PROMPT: The records below are to be transcribed exactly, with the pictures removed.
--- RECORDS TO PROCESS ---
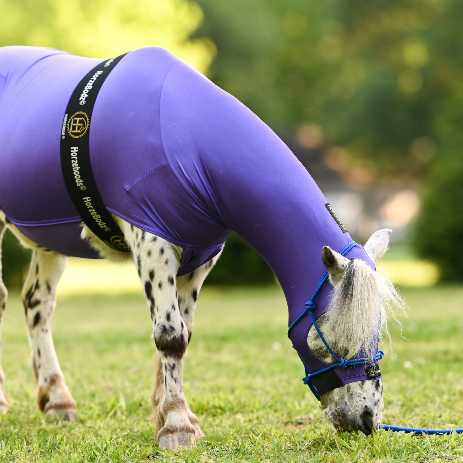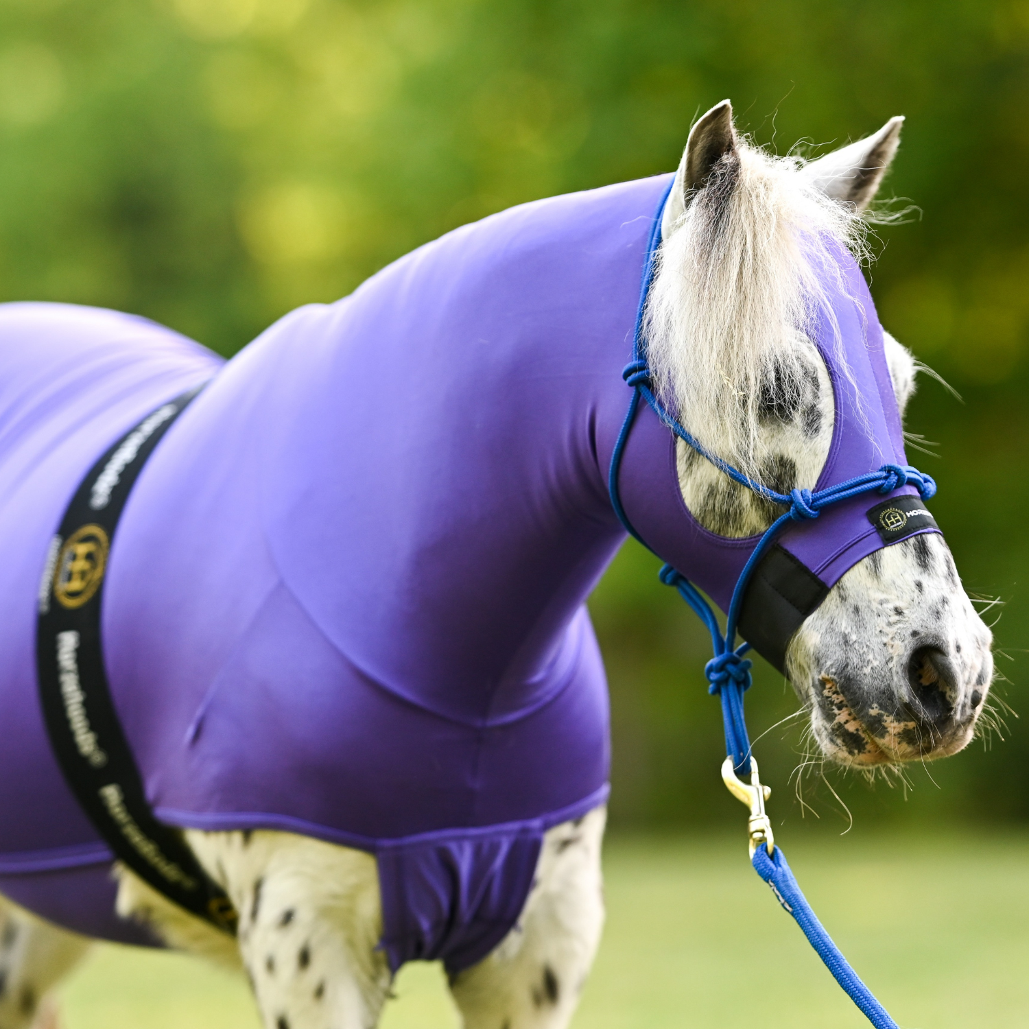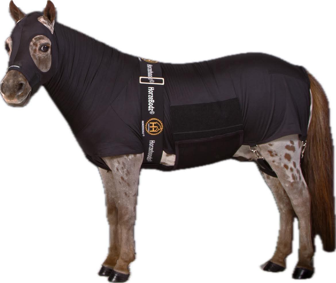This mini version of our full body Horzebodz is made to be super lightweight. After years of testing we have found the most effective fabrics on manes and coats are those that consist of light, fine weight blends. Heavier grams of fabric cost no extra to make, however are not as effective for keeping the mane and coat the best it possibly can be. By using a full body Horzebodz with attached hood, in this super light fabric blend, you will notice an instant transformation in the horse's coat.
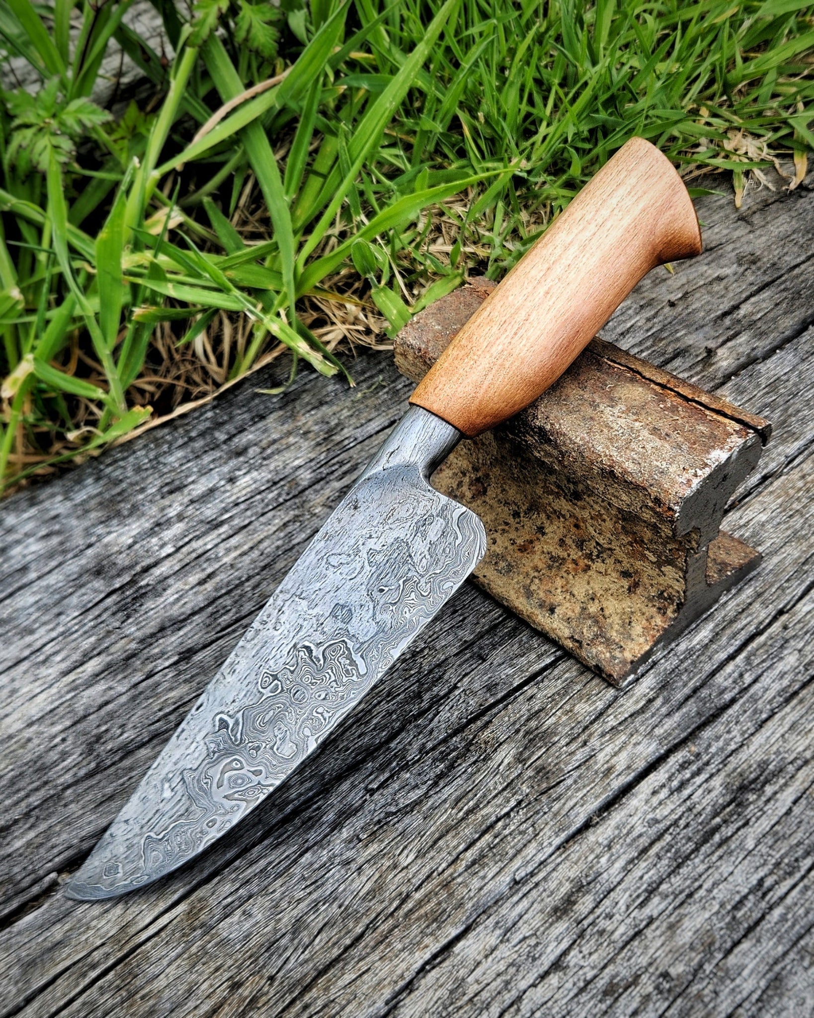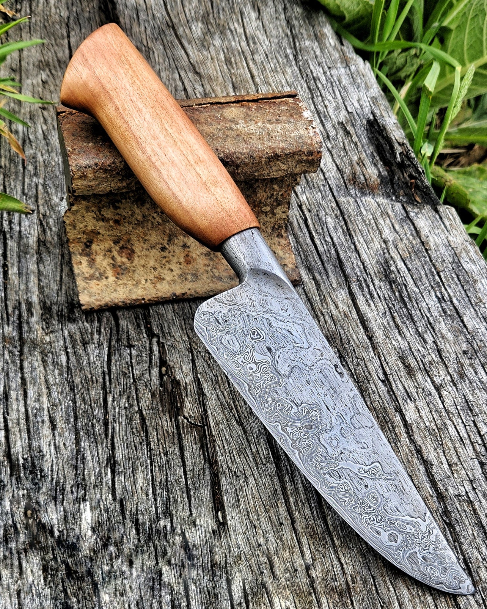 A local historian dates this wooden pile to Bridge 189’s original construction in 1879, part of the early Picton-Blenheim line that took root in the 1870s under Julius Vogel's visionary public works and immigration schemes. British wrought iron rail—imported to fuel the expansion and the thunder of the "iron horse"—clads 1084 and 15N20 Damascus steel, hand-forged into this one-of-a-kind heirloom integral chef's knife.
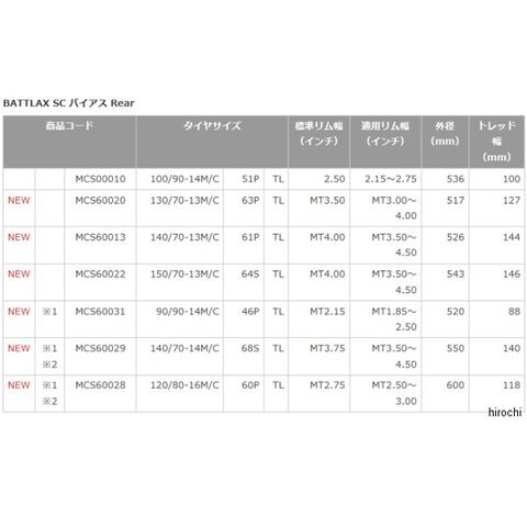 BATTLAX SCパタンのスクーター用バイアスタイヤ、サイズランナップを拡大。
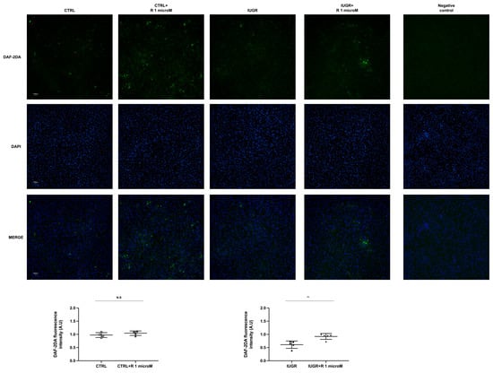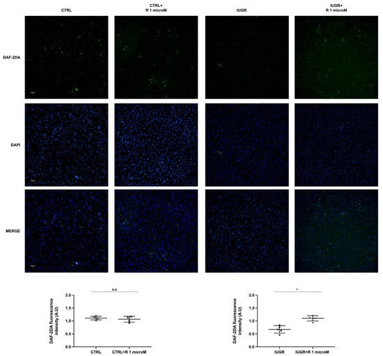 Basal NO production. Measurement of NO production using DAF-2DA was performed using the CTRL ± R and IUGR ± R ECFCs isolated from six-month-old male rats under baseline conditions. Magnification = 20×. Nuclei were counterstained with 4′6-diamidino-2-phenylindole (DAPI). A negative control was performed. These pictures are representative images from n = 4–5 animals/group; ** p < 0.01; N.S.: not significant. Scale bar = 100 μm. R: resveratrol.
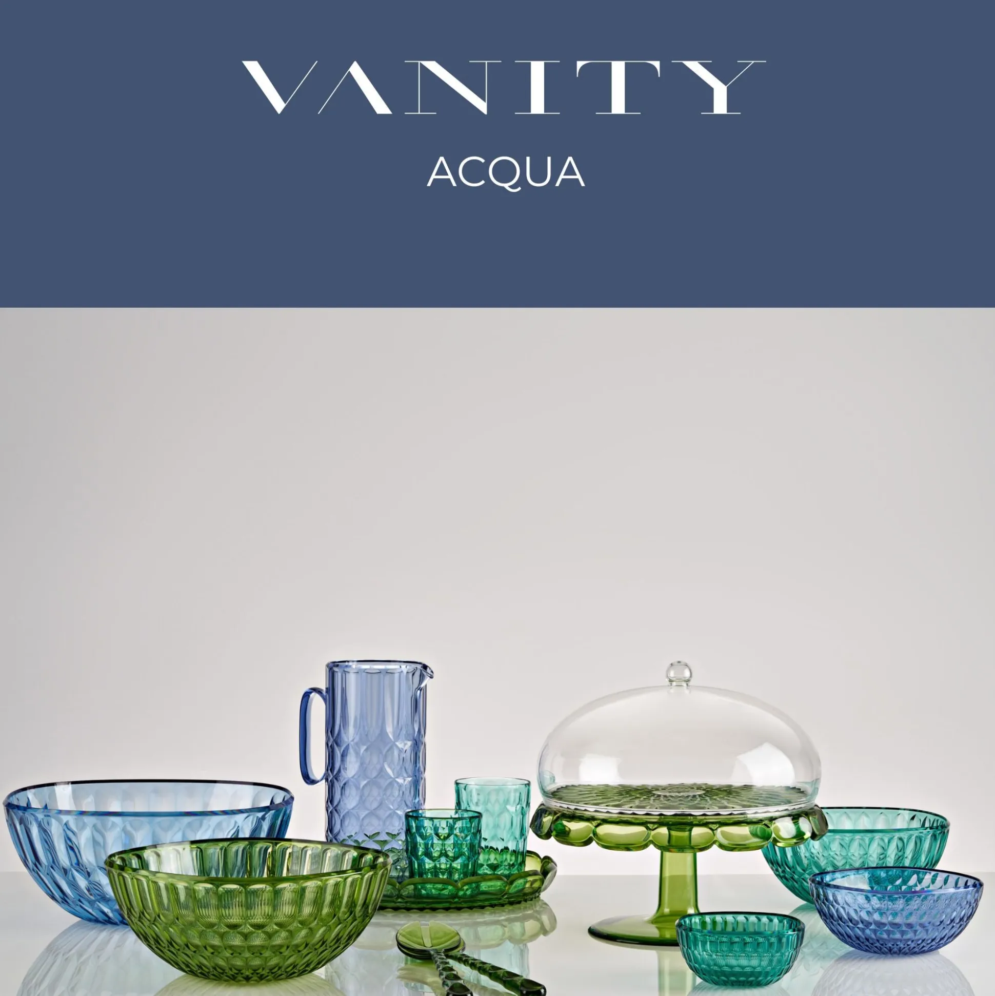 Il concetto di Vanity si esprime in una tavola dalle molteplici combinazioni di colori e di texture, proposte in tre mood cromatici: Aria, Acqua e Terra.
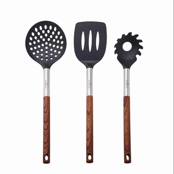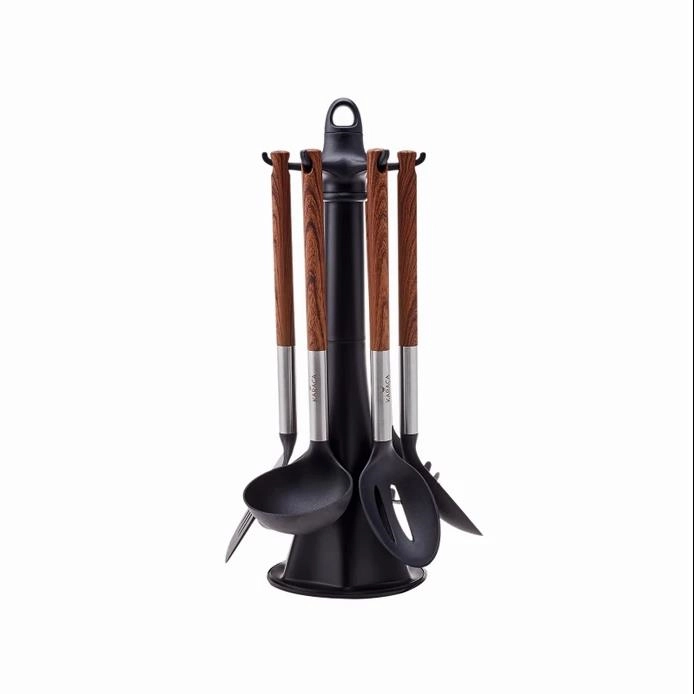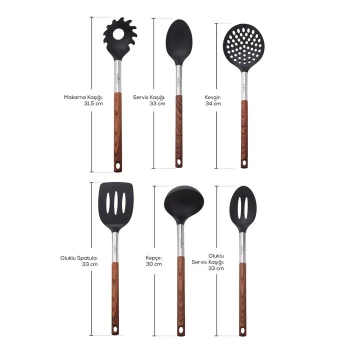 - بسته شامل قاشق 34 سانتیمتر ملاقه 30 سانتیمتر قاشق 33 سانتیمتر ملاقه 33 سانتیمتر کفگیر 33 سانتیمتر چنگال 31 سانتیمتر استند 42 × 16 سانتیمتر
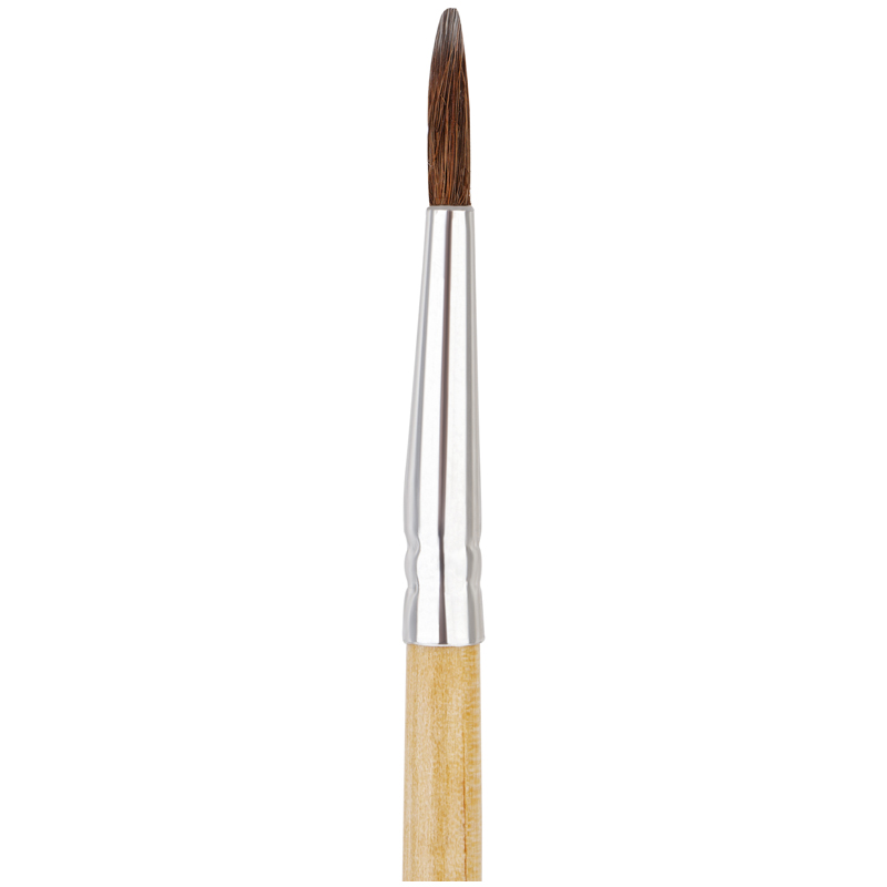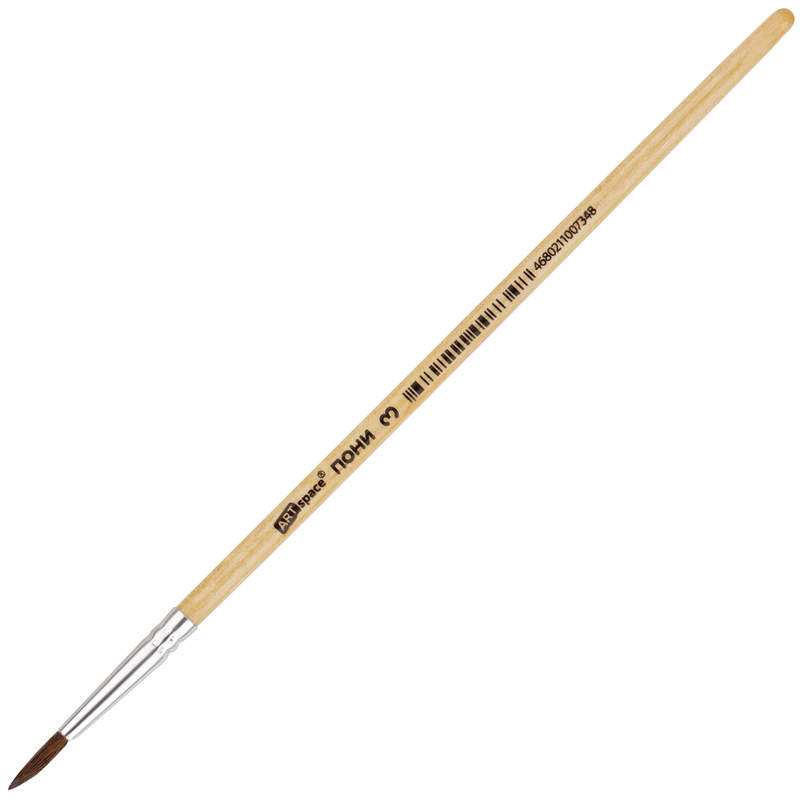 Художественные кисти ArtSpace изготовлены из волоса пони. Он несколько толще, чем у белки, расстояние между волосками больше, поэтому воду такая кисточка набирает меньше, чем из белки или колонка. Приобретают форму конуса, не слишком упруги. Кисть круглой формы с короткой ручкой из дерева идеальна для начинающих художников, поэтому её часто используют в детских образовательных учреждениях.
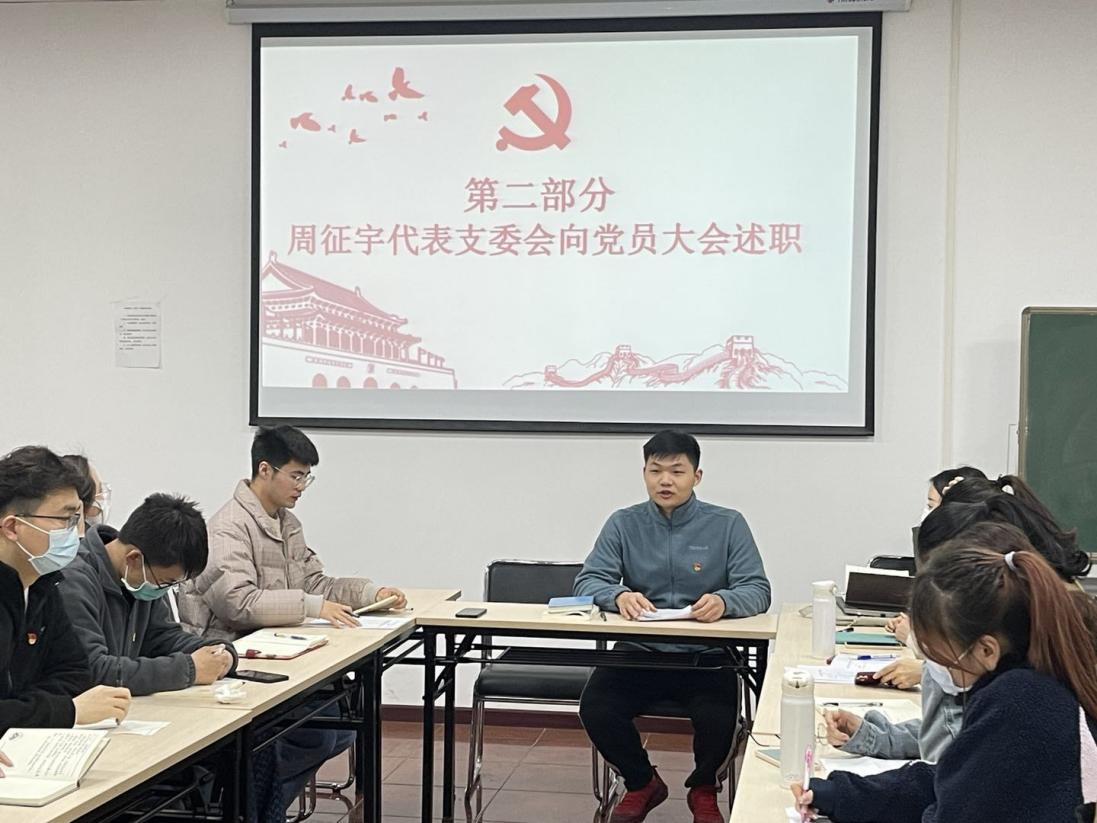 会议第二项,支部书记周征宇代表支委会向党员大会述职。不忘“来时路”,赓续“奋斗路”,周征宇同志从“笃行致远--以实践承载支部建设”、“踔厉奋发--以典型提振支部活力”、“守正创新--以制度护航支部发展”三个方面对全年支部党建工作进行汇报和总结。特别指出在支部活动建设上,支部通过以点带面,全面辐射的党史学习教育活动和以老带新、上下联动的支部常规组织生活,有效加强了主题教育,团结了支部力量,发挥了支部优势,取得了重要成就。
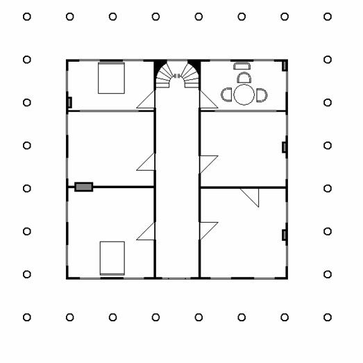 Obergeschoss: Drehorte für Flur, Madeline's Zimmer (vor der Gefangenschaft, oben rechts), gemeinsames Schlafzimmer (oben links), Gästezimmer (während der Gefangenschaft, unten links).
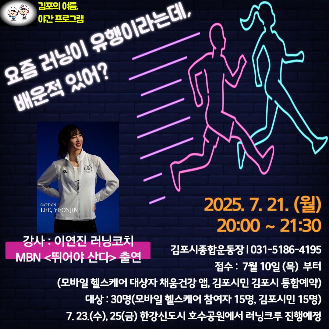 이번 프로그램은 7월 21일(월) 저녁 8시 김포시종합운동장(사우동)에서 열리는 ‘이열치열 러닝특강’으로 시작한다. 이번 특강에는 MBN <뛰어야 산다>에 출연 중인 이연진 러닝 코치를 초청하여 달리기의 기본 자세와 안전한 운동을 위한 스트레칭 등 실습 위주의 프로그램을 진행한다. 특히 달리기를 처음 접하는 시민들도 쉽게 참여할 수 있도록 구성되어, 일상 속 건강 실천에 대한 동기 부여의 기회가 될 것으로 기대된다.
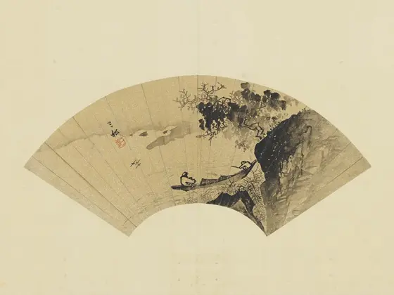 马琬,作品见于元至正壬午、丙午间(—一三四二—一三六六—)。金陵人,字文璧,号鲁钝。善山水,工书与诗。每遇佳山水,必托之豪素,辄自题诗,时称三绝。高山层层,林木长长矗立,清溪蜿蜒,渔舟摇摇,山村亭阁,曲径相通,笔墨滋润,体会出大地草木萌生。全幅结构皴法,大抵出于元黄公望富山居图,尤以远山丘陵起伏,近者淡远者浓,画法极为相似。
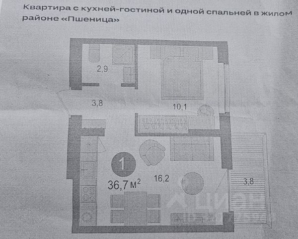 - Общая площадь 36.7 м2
---
THE ANSWER:
This mini version of our full body Horzebodz is made to be super lightweight. After years of testing we have found the most effective fabrics on manes and coats are those that consist of light, fine weight blends. Heavier grams of fabric cost no extra to make, however are not as effective for keeping the mane and coat the best it possibly can be. By using a full body Horzebodz with attached hood, in this super light fabric blend, you will notice an instant transformation in the horse's coat.
 A local historian dates this wooden pile to Bridge 189’s original construction in 1879, part of the early Picton-Blenheim line that took root in the 1870s under Julius Vogel's visionary public works and immigration schemes. British wrought iron rail—imported to fuel the expansion and the thunder of the "iron horse"—clads 1084 and 15N20 Damascus steel, hand-forged into this one-of-a-kind heirloom integral chef's knife.
 BATTLAX SCパタンのスクーター用バイアスタイヤ、サイズランナップを拡大。
 Basal NO production. Measurement of NO production using DAF-2DA was performed using the CTRL ± R and IUGR ± R ECFCs isolated from six-month-old male rats under baseline conditions. Magnification = 20×. Nuclei were counterstained with 4′6-diamidino-2-phenylindole (DAPI). A negative control was performed. These pictures are representative images from n = 4–5 animals/group; ** p < 0.01; N.S.: not significant. Scale bar = 100 μm. R: resveratrol.
 Il concetto di Vanity si esprime in una tavola dalle molteplici combinazioni di colori e di texture, proposte in tre mood cromatici: Aria, Acqua e Terra.
 - بسته شامل قاشق 34 سانتیمتر ملاقه 30 سانتیمتر قاشق 33 سانتیمتر ملاقه 33 سانتیمتر کفگیر 33 سانتیمتر چنگال 31 سانتیمتر استند 42 × 16 سانتیمتر
 Художественные кисти ArtSpace изготовлены из волоса пони. Он несколько толще, чем у белки, расстояние между волосками больше, поэтому воду такая кисточка набирает меньше, чем из белки или колонка. Приобретают форму конуса, не слишком упруги. Кисть круглой формы с короткой ручкой из дерева идеальна для начинающих художников, поэтому её часто используют в детских образовательных учреждениях.
 会议第二项,支部书记周征宇代表支委会向党员大会述职。不忘“来时路”,赓续“奋斗路”,周征宇同志从“笃行致远--以实践承载支部建设”、“踔厉奋发--以典型提振支部活力”、“守正创新--以制度护航支部发展”三个方面对全年支部党建工作进行汇报和总结。特别指出在支部活动建设上,支部通过以点带面,全面辐射的党史学习教育活动和以老带新、上下联动的支部常规组织生活,有效加强了主题教育,团结了支部力量,发挥了支部优势,取得了重要成就。
 Obergeschoss: Drehorte für Flur, Madeline's Zimmer (vor der Gefangenschaft, oben rechts), gemeinsames Schlafzimmer (oben links), Gästezimmer (während der Gefangenschaft, unten links).
 이번 프로그램은 7월 21일(월) 저녁 8시 김포시종합운동장(사우동)에서 열리는 ‘이열치열 러닝특강’으로 시작한다. 이번 특강에는 MBN <뛰어야 산다>에 출연 중인 이연진 러닝 코치를 초청하여 달리기의 기본 자세와 안전한 운동을 위한 스트레칭 등 실습 위주의 프로그램을 진행한다. 특히 달리기를 처음 접하는 시민들도 쉽게 참여할 수 있도록 구성되어, 일상 속 건강 실천에 대한 동기 부여의 기회가 될 것으로 기대된다.
 马琬,作品见于元至正壬午、丙午间(—一三四二—一三六六—)。金陵人,字文璧,号鲁钝。善山水,工书与诗。每遇佳山水,必托之豪素,辄自题诗,时称三绝。高山层层,林木长长矗立,清溪蜿蜒,渔舟摇摇,山村亭阁,曲径相通,笔墨滋润,体会出大地草木萌生。全幅结构皴法,大抵出于元黄公望富山居图,尤以远山丘陵起伏,近者淡远者浓,画法极为相似。
 - Общая площадь 36.7 м2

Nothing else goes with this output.